DATASET CONTENT
Segment Open

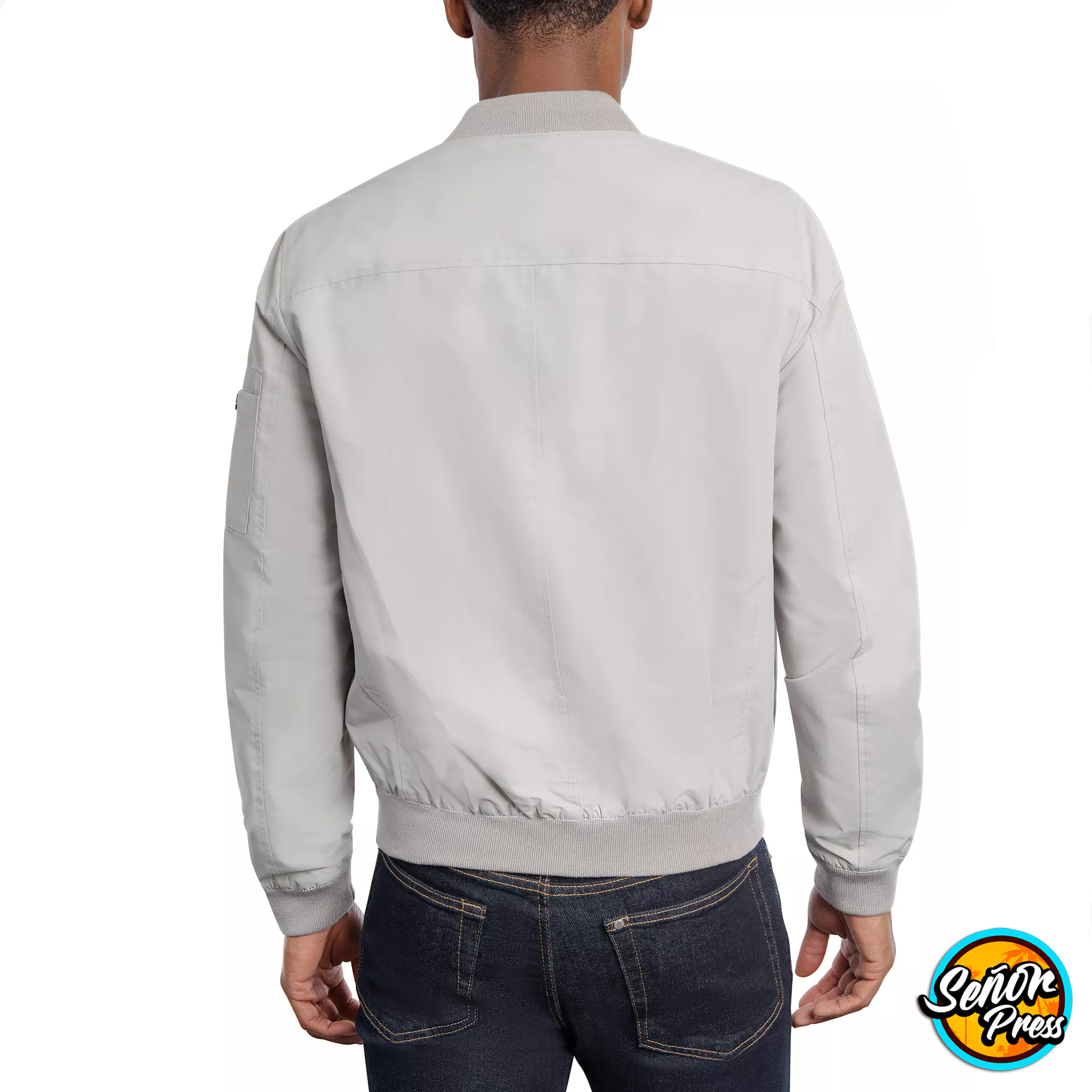 Finished with knit cuffs and waistband, this water-resistant bomber jacket features an aviator sleeve pocket with the Michael Kors logo bade and two lower angled welt pockets with snap closures.
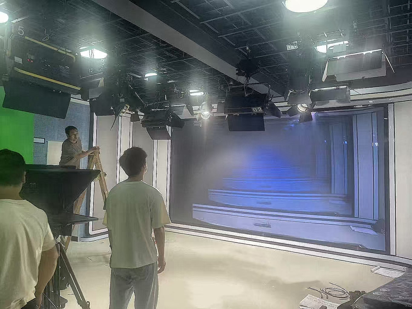 东莞市谢岗镇全媒体中心包括演播厅、录音间舞美声学装修、专业灯光安装、普通照明及插座、现场的基层处理、综合布线以及演播室设备等内容,每一处细节都经过严格的质量把控与精细处理,确保空间的稳定性与美观度。
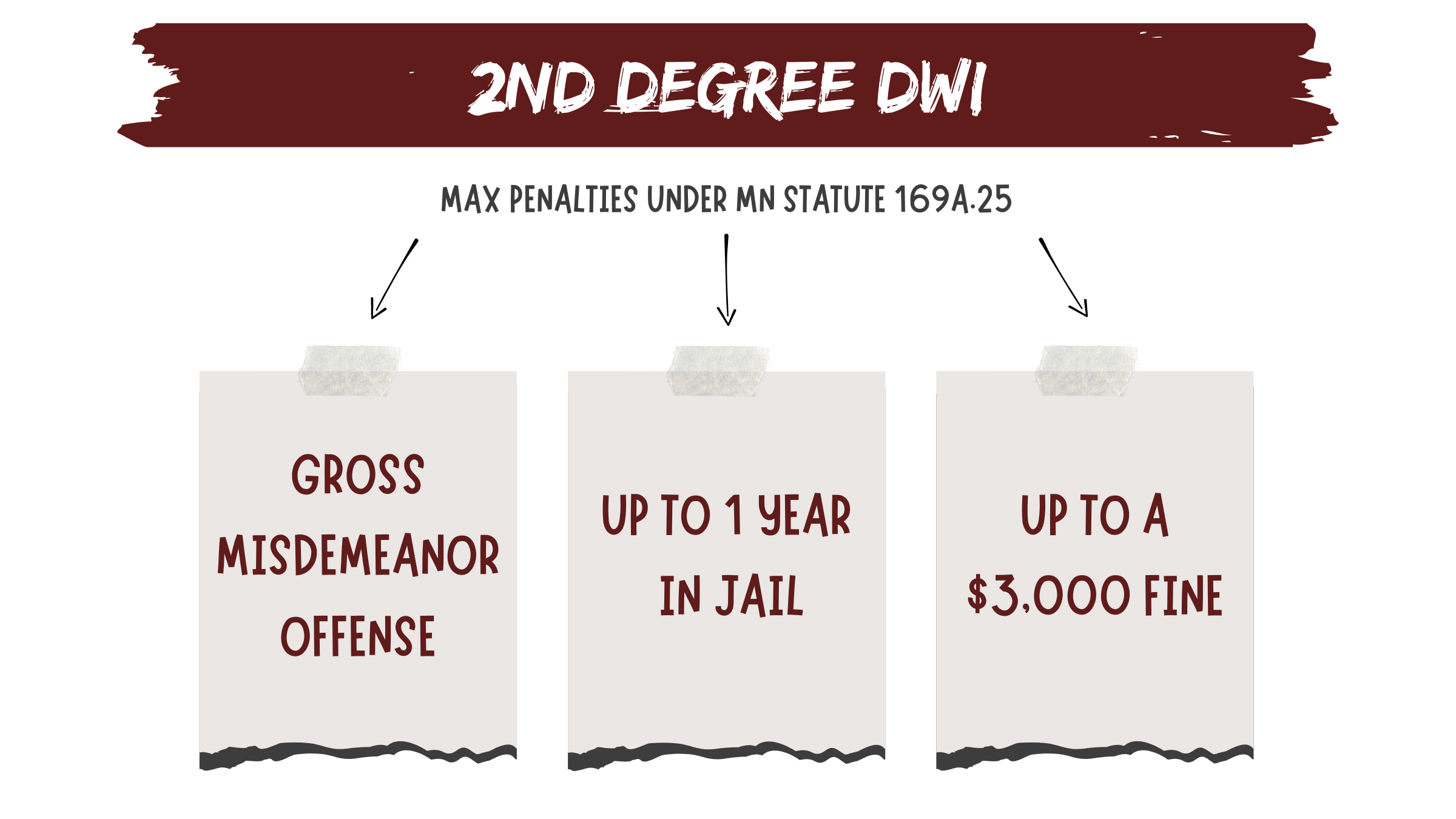 Under MN statue 169A.25, a 2nd Degree DWI is also a gross misdemeanor offense that carries the same maximum penalty as a 3rd Degree DWI. However, it is a more serious offense than a 3rd Degree DWI. You could be charged with a 2nd Degree DWI if:

Segment Closed

PROBLEM TO SOLVE
Every word of the material above should be copied exactly; no pictures.

SOLUTION TO THE PROBLEM
 Finished with knit cuffs and waistband, this water-resistant bomber jacket features an aviator sleeve pocket with the Michael Kors logo bade and two lower angled welt pockets with snap closures.
 东莞市谢岗镇全媒体中心包括演播厅、录音间舞美声学装修、专业灯光安装、普通照明及插座、现场的基层处理、综合布线以及演播室设备等内容,每一处细节都经过严格的质量把控与精细处理,确保空间的稳定性与美观度。
 Under MN statue 169A.25, a 2nd Degree DWI is also a gross misdemeanor offense that carries the same maximum penalty as a 3rd Degree DWI. However, it is a more serious offense than a 3rd Degree DWI. You could be charged with a 2nd Degree DWI if:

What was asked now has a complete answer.